● Data excerpt:
————

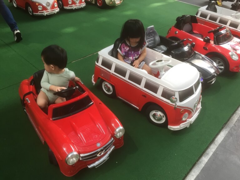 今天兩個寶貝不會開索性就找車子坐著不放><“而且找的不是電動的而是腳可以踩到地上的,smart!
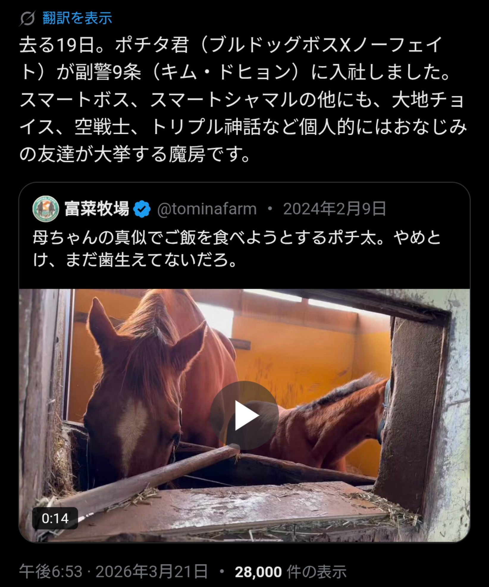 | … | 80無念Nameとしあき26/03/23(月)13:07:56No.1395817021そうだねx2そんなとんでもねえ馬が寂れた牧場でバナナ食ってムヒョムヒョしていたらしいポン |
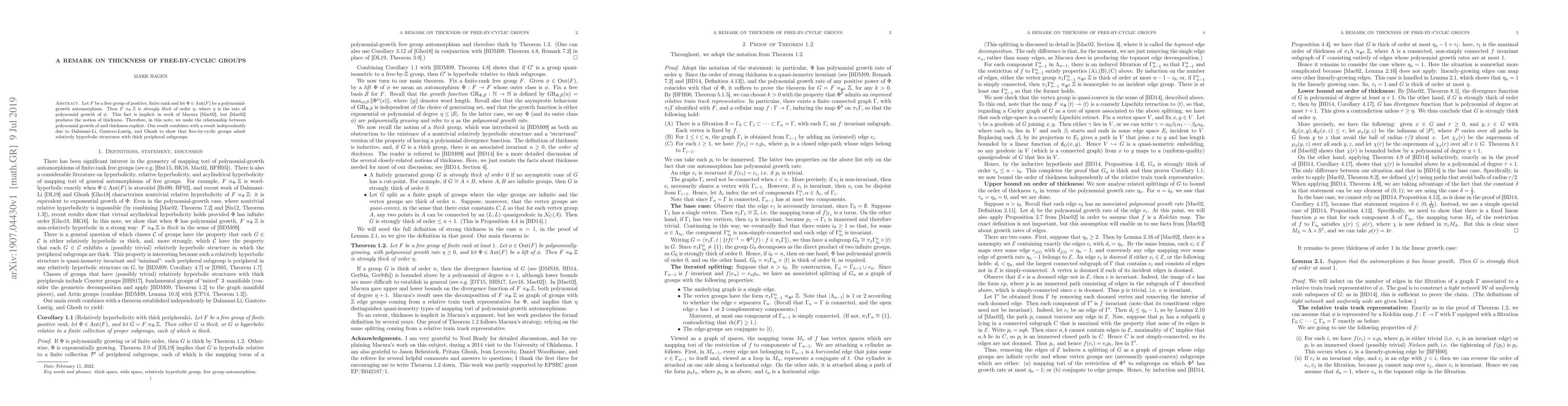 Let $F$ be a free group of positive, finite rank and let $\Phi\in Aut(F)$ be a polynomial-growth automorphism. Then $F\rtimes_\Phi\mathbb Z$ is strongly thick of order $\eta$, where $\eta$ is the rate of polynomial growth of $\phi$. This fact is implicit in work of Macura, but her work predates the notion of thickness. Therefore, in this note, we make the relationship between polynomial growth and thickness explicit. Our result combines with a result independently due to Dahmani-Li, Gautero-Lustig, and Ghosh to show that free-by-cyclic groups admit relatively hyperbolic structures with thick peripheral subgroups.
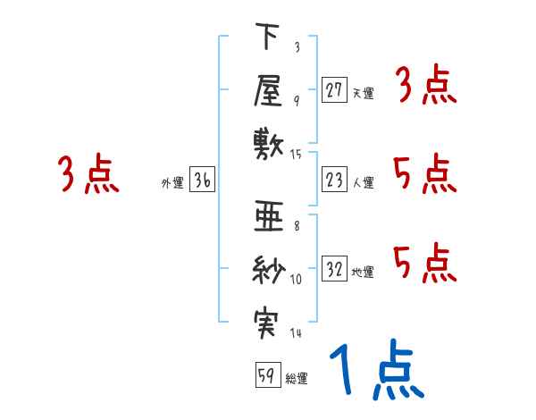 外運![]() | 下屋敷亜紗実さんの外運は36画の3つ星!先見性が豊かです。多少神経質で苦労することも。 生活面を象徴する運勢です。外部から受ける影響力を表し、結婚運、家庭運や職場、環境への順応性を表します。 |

————

● What you should do: Please output all of the data exactly as given, omitting any images it holds.

● Answer section:
 今天兩個寶貝不會開索性就找車子坐著不放><“而且找的不是電動的而是腳可以踩到地上的,smart!
 | … | 80無念Nameとしあき26/03/23(月)13:07:56No.1395817021そうだねx2そんなとんでもねえ馬が寂れた牧場でバナナ食ってムヒョムヒョしていたらしいポン |
 Let $F$ be a free group of positive, finite rank and let $\Phi\in Aut(F)$ be a polynomial-growth automorphism. Then $F\rtimes_\Phi\mathbb Z$ is strongly thick of order $\eta$, where $\eta$ is the rate of polynomial growth of $\phi$. This fact is implicit in work of Macura, but her work predates the notion of thickness. Therefore, in this note, we make the relationship between polynomial growth and thickness explicit. Our result combines with a result independently due to Dahmani-Li, Gautero-Lustig, and Ghosh to show that free-by-cyclic groups admit relatively hyperbolic structures with thick peripheral subgroups.
 外運![]() | 下屋敷亜紗実さんの外運は36画の3つ星!先見性が豊かです。多少神経質で苦労することも。 生活面を象徴する運勢です。外部から受ける影響力を表し、結婚運、家庭運や職場、環境への順応性を表します。 |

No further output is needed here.